Adams constitutes an amplification of the economic loss doctrine only to the extent that it applied that doctrine to claims under the SWMA. It is beyond cavil that the Beechams are not advancing claims under the SWMA, and for that reason, Adams does not justify reconsideration of the previous summary judgment ruling under the coordinate jurisdiction rule. American Life’s subsequent reliance upon David Pflumm Paving & Excavating Inc. v. Foundation Services Co., 816 A.2d 1164 (Pa. Super. 2003), is likewise misplaced since that decision does not stand for the proposition that the economic loss doctrine precludes “claims based on fraud, intentional conduct, or statutory fraud.” Quite to the contrary, the Foundation Services court distinctly stated that:

“There are no Pennsylvania Supreme Court or Superior Court cases that indicate that the economic loss doctrine bars a claim for fraudulent misrepresentation. However, for the reason stated in the text, we need not address that issue in this case.” (Id. at 1171 n.2.)
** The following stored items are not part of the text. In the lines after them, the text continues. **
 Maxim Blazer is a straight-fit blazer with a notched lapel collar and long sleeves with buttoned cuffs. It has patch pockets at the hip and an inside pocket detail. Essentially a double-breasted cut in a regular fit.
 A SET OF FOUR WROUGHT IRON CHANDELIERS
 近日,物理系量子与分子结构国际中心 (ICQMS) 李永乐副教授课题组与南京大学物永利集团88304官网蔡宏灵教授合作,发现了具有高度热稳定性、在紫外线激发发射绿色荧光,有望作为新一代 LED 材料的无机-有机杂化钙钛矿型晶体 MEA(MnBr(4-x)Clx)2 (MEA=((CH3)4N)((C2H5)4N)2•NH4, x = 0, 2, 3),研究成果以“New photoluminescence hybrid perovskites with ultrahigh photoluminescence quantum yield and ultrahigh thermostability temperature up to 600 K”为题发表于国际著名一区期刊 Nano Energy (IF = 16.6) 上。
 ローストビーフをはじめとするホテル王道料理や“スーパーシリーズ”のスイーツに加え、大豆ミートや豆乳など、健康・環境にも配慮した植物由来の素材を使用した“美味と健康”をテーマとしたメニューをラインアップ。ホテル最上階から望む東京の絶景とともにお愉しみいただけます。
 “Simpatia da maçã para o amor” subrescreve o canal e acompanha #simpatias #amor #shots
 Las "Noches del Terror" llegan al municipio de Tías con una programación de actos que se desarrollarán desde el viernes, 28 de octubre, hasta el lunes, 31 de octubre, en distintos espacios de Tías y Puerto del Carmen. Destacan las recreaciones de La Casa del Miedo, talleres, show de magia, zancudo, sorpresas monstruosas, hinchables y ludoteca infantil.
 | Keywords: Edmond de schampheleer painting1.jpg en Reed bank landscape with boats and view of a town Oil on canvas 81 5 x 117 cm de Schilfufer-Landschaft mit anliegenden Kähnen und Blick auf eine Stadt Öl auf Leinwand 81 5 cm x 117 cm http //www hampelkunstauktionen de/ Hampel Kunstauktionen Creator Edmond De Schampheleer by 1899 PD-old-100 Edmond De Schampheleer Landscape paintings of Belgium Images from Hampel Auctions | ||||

Consequently, since it still is not clear and free from doubt that American Life is entitled to judgment in its favor as a matter of law, the motion for summary judgment based upon the economic loss doctrine will once again be denied.

ORDER

And now, December 19, 2003, upon consideration of the motion for partial summary judgment of defendant American Life and Casualty Insurance Co. and the motion for summary judgment of defendant American Life and Casualty Insurance Co., the memoranda of law submitted by the parties and the oral argument of counsel on October 29, 2003, and based upon the reasoning set forth in the foregoing memorandum, it is hereby ordered and decreed that:

(1) defendant’s motion for partial summary judgment is denied; and

(2) defendant’s motion for summary judgment is denied. 
      
      . The determination of whether a duty exists in a particular case involves the weighing of several discreet factors, including: (1) the relationship between the parties; (2) the social utility of the defendant’s conduct; (3) the nature of the risk imposed and the foreseeability of the harm incurred; (4) the consequences of imposing a duty upon the defendant; and (5) the overall public interest in the proposed solution. Sharpe v. St. Luke’s Hospital, 573 Pa. 90, 96, 821 A.2d 1215, 1219 (2003); R.W. v. Manzek, 838 A.2d 801, 807 n.9 (Pa. Super. 2003). No single factor is dispositive and a duty will be found to exist where the balance of these five factors weighs in favor of placing such a burden on a defendant. Phillips v. Cricket Lighters, 841 A.2d 1000, 1008-1009 (Pa. 2003).